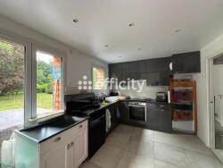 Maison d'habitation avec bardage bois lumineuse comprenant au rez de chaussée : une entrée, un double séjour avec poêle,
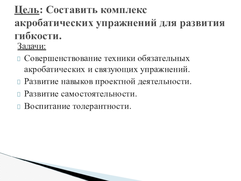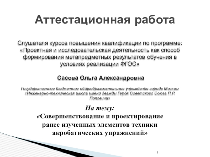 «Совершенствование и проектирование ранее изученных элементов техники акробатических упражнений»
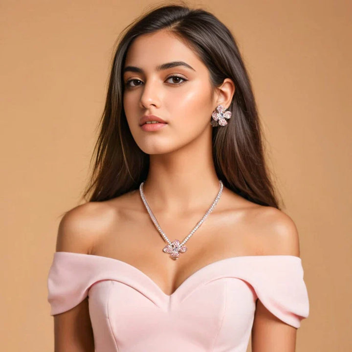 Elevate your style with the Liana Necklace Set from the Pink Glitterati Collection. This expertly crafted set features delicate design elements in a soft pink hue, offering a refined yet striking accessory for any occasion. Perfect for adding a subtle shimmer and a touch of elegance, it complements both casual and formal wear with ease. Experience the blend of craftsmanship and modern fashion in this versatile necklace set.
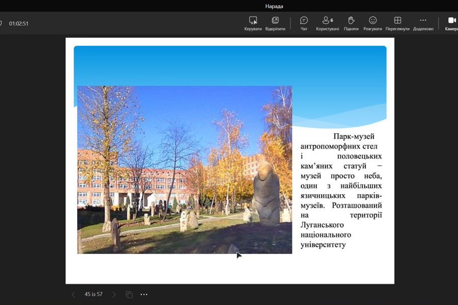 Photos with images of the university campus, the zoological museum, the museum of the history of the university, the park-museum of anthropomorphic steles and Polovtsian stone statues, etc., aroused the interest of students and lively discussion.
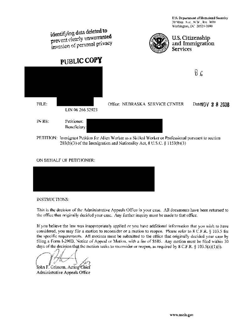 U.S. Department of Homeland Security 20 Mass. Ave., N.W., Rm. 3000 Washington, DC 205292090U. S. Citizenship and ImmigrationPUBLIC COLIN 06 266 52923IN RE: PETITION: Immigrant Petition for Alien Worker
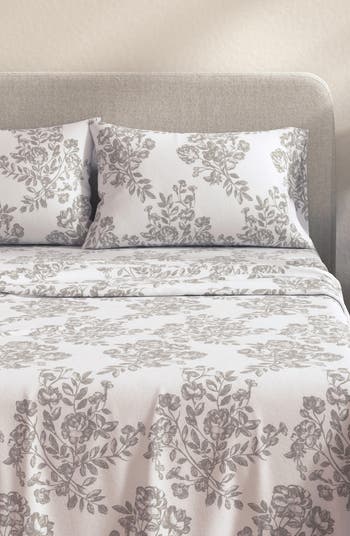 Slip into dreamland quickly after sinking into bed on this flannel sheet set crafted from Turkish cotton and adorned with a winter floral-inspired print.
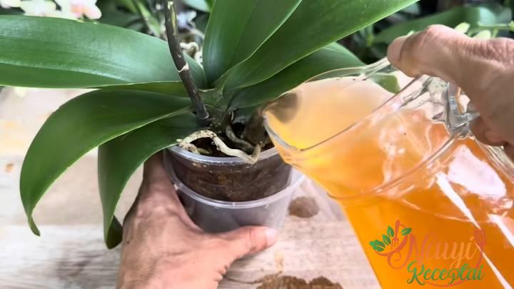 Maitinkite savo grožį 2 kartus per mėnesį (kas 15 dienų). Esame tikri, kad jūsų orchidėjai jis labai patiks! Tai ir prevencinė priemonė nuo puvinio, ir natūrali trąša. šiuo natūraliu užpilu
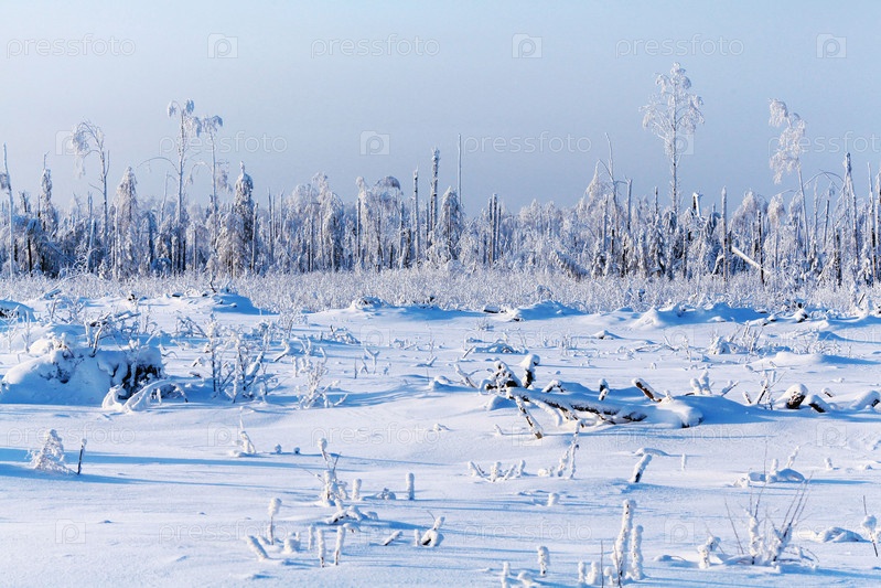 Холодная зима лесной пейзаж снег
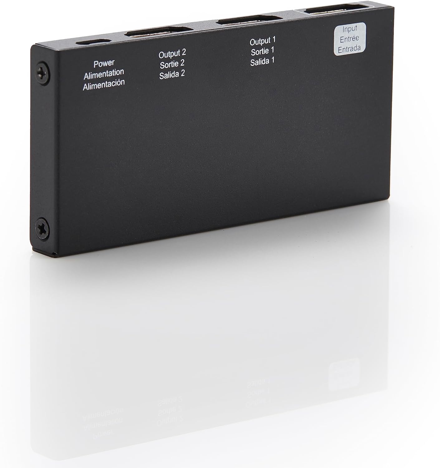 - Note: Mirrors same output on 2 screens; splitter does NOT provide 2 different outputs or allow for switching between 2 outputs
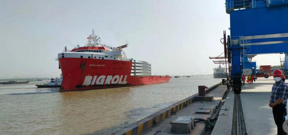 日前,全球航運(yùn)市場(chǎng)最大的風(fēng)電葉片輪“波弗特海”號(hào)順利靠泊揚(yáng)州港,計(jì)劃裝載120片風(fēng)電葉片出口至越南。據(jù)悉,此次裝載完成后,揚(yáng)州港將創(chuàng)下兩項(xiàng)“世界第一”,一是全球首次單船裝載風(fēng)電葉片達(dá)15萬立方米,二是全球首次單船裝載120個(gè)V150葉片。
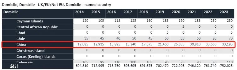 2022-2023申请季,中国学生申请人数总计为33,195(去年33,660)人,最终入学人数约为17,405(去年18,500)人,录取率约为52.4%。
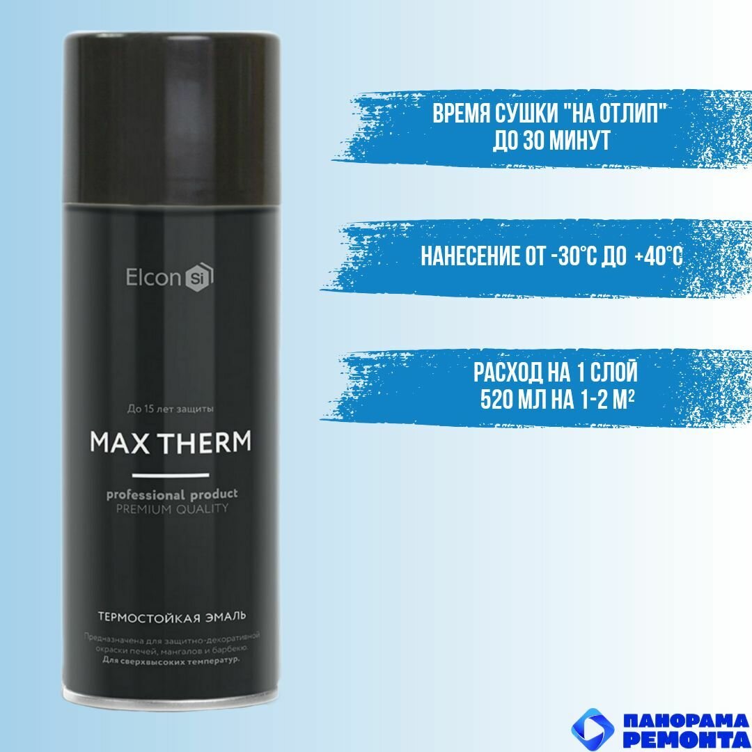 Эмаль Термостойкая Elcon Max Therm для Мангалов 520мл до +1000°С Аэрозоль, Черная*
# # # # #
→ **WHAT NEEDS TO BE DONE**: Copy the data above line for line, skipping every picture.

→ **RESPONSE FOR THIS EXERCISE**:
 Maison d'habitation avec bardage bois lumineuse comprenant au rez de chaussée : une entrée, un double séjour avec poêle,
 «Совершенствование и проектирование ранее изученных элементов техники акробатических упражнений»
 Elevate your style with the Liana Necklace Set from the Pink Glitterati Collection. This expertly crafted set features delicate design elements in a soft pink hue, offering a refined yet striking accessory for any occasion. Perfect for adding a subtle shimmer and a touch of elegance, it complements both casual and formal wear with ease. Experience the blend of craftsmanship and modern fashion in this versatile necklace set.
 Photos with images of the university campus, the zoological museum, the museum of the history of the university, the park-museum of anthropomorphic steles and Polovtsian stone statues, etc., aroused the interest of students and lively discussion.
 U.S. Department of Homeland Security 20 Mass. Ave., N.W., Rm. 3000 Washington, DC 205292090U. S. Citizenship and ImmigrationPUBLIC COLIN 06 266 52923IN RE: PETITION: Immigrant Petition for Alien Worker
 Slip into dreamland quickly after sinking into bed on this flannel sheet set crafted from Turkish cotton and adorned with a winter floral-inspired print.
 Maitinkite savo grožį 2 kartus per mėnesį (kas 15 dienų). Esame tikri, kad jūsų orchidėjai jis labai patiks! Tai ir prevencinė priemonė nuo puvinio, ir natūrali trąša. šiuo natūraliu užpilu
 Холодная зима лесной пейзаж снег
 - Note: Mirrors same output on 2 screens; splitter does NOT provide 2 different outputs or allow for switching between 2 outputs
 日前,全球航運(yùn)市場(chǎng)最大的風(fēng)電葉片輪“波弗特海”號(hào)順利靠泊揚(yáng)州港,計(jì)劃裝載120片風(fēng)電葉片出口至越南。據(jù)悉,此次裝載完成后,揚(yáng)州港將創(chuàng)下兩項(xiàng)“世界第一”,一是全球首次單船裝載風(fēng)電葉片達(dá)15萬立方米,二是全球首次單船裝載120個(gè)V150葉片。
 2022-2023申请季,中国学生申请人数总计为33,195(去年33,660)人,最终入学人数约为17,405(去年18,500)人,录取率约为52.4%。
 Эмаль Термостойкая Elcon Max Therm для Мангалов 520мл до +1000°С Аэрозоль, Черная*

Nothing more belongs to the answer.